Work request
Write all of the entries out again exactly, but not the images.

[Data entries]

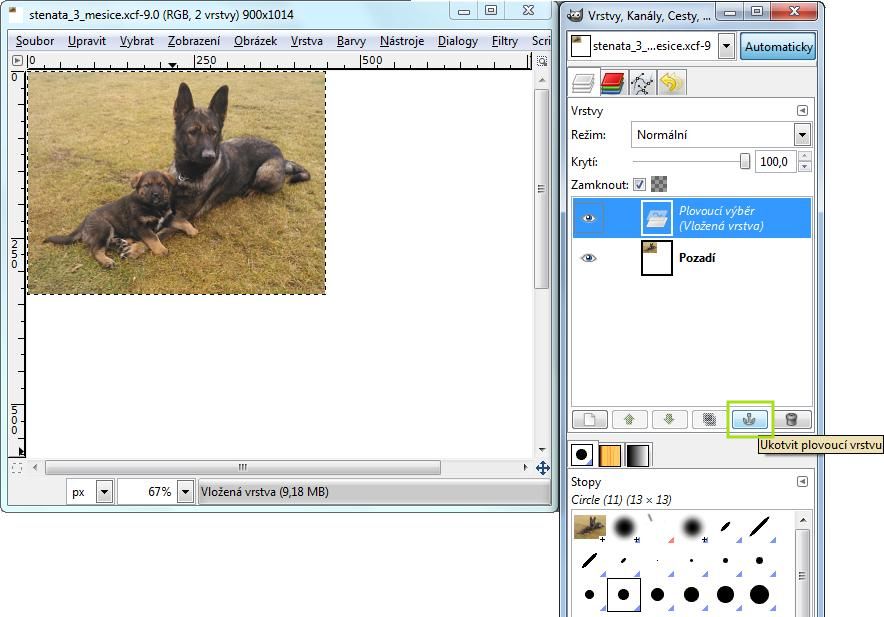 Nyní je nezbytné jej tzv. ukotvit: Plovoucí výběr (vložená vrstva) musí být modře podbarveno a nyní stačí kliknout na zeleně orámovaný obrázek kotvičky.
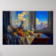 A richly detailed still life unfolds across a sunlit table, where fresh fruit, delicate ceramics, and softly draped fabric are illuminated by warm, glowing light. Beyond the open window, distant mountain peaks rise beneath a brilliant blue sky, creating a striking contrast between the intimate interior and the expansive landscape beyond. This piece blends elegance and atmosphere, capturing a timeless moment of beauty, light, and quiet refinement.
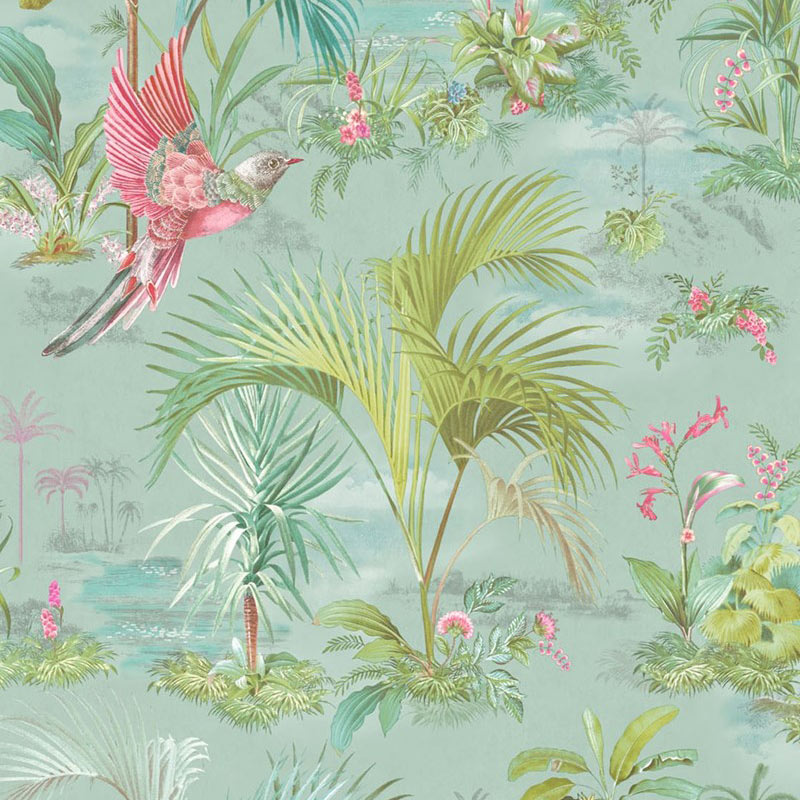 Papel pintado verde pastel con pájaros y flores románticas, un diseño suave y encantador para cualquier estancia. Pip Studio de Eijffinger, papel de pared calidad tejido no tejido lavable. Medidas: 52 cm x 10 metros
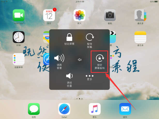 将iPad侧放,找到下图的按钮,向下滑动,就可以锁定屏幕不旋转了。
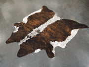 Premium Brazilian Brindle Brown and White Cowhide Rug Size 7.9 X 7.9 ft
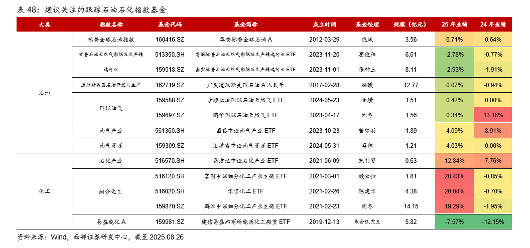 跟踪标普全球石油指数、道琼斯美国石油开发与生产的基金均为1只,管理人分别为华安、广发;跟踪标普石油天然气勘探及生产精选行业的基金均成立于2011年9月之后,包括博时、富国、华宝、嘉实4家管理人;跟踪国证油气的基金均成立于2023年4月之后,包括景顺长城、鹏华2家管理人;跟踪石化产业的基金均成立于2021年6月之后,包括华夏、易方达2家管理人;跟踪细分化工的基金均成立于2021年2月之后,包括富国、国泰、华宝等8家管理人;跟踪易盛能化A的仅建信1家管理人;跟踪油气产业的基金均成立于2023年10月之后,包括国泰、华泰柏瑞、天弘3家管理人;跟踪油气资源的基金均成立于2024年4月之后,包括博时、汇添富、银华3家管理人。

Task solution
 Nyní je nezbytné jej tzv. ukotvit: Plovoucí výběr (vložená vrstva) musí být modře podbarveno a nyní stačí kliknout na zeleně orámovaný obrázek kotvičky.
 A richly detailed still life unfolds across a sunlit table, where fresh fruit, delicate ceramics, and softly draped fabric are illuminated by warm, glowing light. Beyond the open window, distant mountain peaks rise beneath a brilliant blue sky, creating a striking contrast between the intimate interior and the expansive landscape beyond. This piece blends elegance and atmosphere, capturing a timeless moment of beauty, light, and quiet refinement.
 Papel pintado verde pastel con pájaros y flores románticas, un diseño suave y encantador para cualquier estancia. Pip Studio de Eijffinger, papel de pared calidad tejido no tejido lavable. Medidas: 52 cm x 10 metros
 将iPad侧放,找到下图的按钮,向下滑动,就可以锁定屏幕不旋转了。
 Premium Brazilian Brindle Brown and White Cowhide Rug Size 7.9 X 7.9 ft
 跟踪标普全球石油指数、道琼斯美国石油开发与生产的基金均为1只,管理人分别为华安、广发;跟踪标普石油天然气勘探及生产精选行业的基金均成立于2011年9月之后,包括博时、富国、华宝、嘉实4家管理人;跟踪国证油气的基金均成立于2023年4月之后,包括景顺长城、鹏华2家管理人;跟踪石化产业的基金均成立于2021年6月之后,包括华夏、易方达2家管理人;跟踪细分化工的基金均成立于2021年2月之后,包括富国、国泰、华宝等8家管理人;跟踪易盛能化A的仅建信1家管理人;跟踪油气产业的基金均成立于2023年10月之后,包括国泰、华泰柏瑞、天弘3家管理人;跟踪油气资源的基金均成立于2024年4月之后,包括博时、汇添富、银华3家管理人。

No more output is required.